Approximately 2-4% of the human genome is in non-Africans comprised of DNA intro- gressed from Neanderthals. Recent studies have shown that there is a paucity of introgressed DNA around functional regions, presumably caused by selection after introgression. This observation has been suggested to be a possible consequence of the accumulation of a large amount of Dobzhansky-Muller incompatibilities, i.e. epistatic effects between human and Neanderthal specific mutations, since the divergence of humans and Neanderthals approx. 400-600 kya. However, using previously published estimates of inbreeding in Neanderthals, and of the distribution of fitness effects from human protein coding genes, we show that the average Neanderthal would have had at least 40% lower fitness than the average human due to higher levels of inbreeding and an increased mutational load, regardless of the dominance coefficients of new mutations. Using simulations, we show that under the assumption of additive dominance effects, early Neanderthal/human hybrids would have experienced strong negative selection, though not so strong that it would prevent Neanderthal DNA from entering the human population. In fact, the increased mutational load in Neanderthals predicts the observed reduction in Neanderthal introgressed segments around protein coding genes, without any need to invoke epistasis.

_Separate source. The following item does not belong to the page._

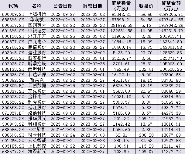 與此同時(shí),統(tǒng)計(jì)顯示,下周(2月27日-3月3日)共有71家公司限售股陸續(xù)解禁,按最新收盤價(jià)計(jì)算,解禁市值為1487.56億元。具體來(lái)看,解禁市值居前三位的是上海機(jī)場(chǎng)(488.9億元)、華潤(rùn)微(479.75億元)、國(guó)網(wǎng)英大(195.9億元)。

The simulations also predict that there is a residual Neanderthal derived mutational load in non-African humans, leading to an average fitness reduction of at least 0.5%. Although there has been much previous debate about the effects of the out-of-Africa bottleneck on mutational loads in non-Africans, the significant deleterious effects of Neanderthal introgression have hitherto been left out of this discussion, but might be just as important for understanding fitness differences among human populations. We also show that if deleterious mutations are recessive, the Neanderthal admixture fraction would gradually increase over time due to selection for Neanderthal haplotypes that mask human deleterious mutations in the heterozygous state. This effect of dominance heterosis might partially explain why adaptive introgression appears to be widespread in nature.